> [Activity] Copy each line below word for word and drop every image.

> [Provided data]
============================================================

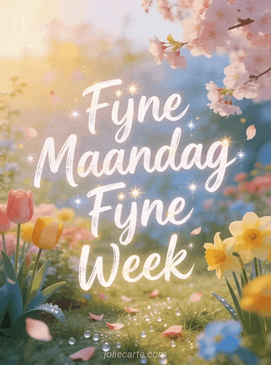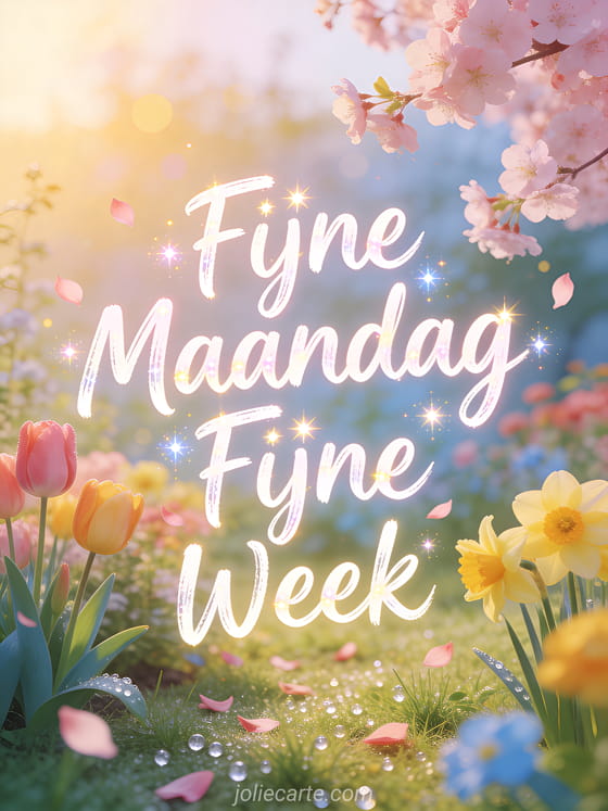 Stuur een vrolijke fijne maandag en fijne week wens met prachtige lentebloemen in een tuin. Ontdek ook een fijne maandag kaart.
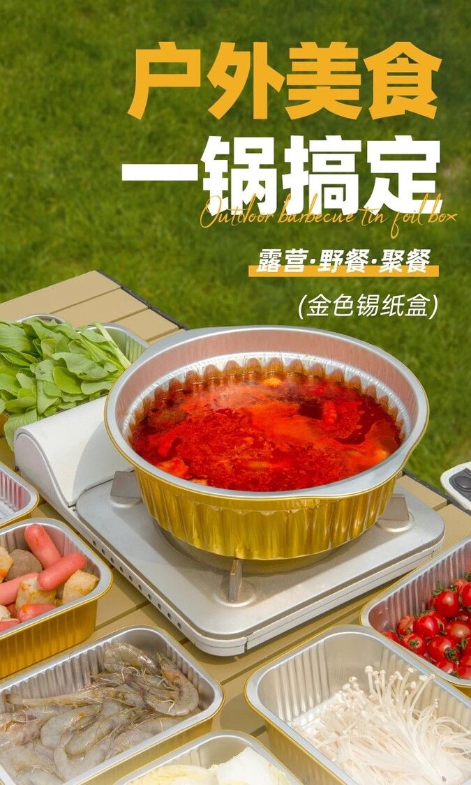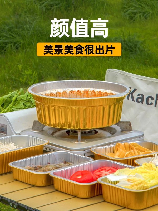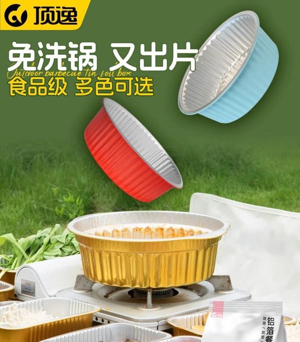 戶外錫紙鍋一次性火鍋鍋具套裝卡式爐專用錫紙盒露營燒烤爐具野餐
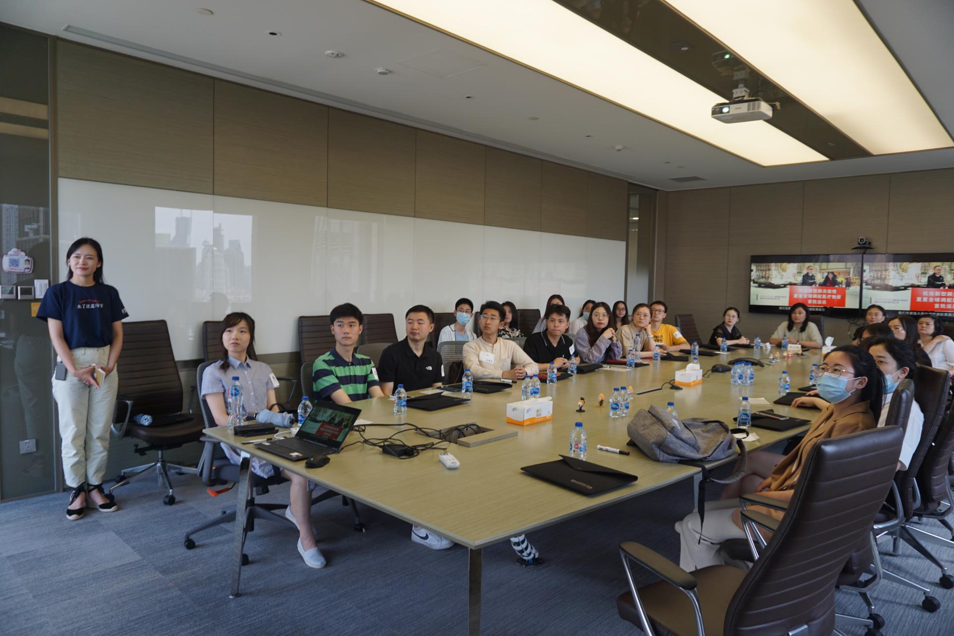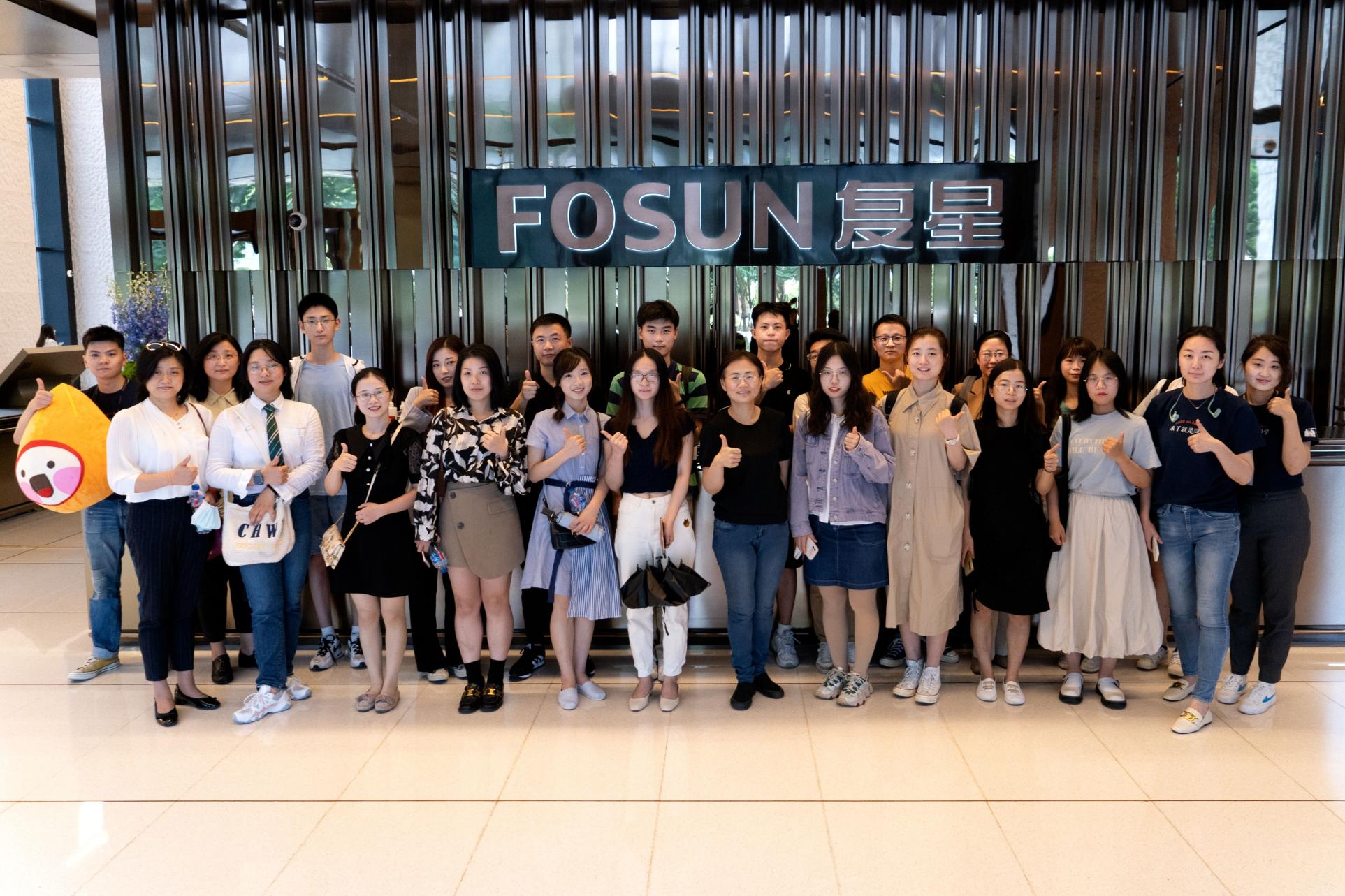 国际商务硕士项目主任蔡晓月副教授、专业学位研究生教务办公室孙冷梅、程惟尔、向韵老师,带领学院20多名专业学位研究生走进位于BFC外滩金融中心的复星,体验福布斯全球500强企业的文化和魅力。

============================================================

> [Written answer]
 Stuur een vrolijke fijne maandag en fijne week wens met prachtige lentebloemen in een tuin. Ontdek ook een fijne maandag kaart.
 戶外錫紙鍋一次性火鍋鍋具套裝卡式爐專用錫紙盒露營燒烤爐具野餐
 国际商务硕士项目主任蔡晓月副教授、专业学位研究生教务办公室孙冷梅、程惟尔、向韵老师,带领学院20多名专业学位研究生走进位于BFC外滩金融中心的复星,体验福布斯全球500强企业的文化和魅力。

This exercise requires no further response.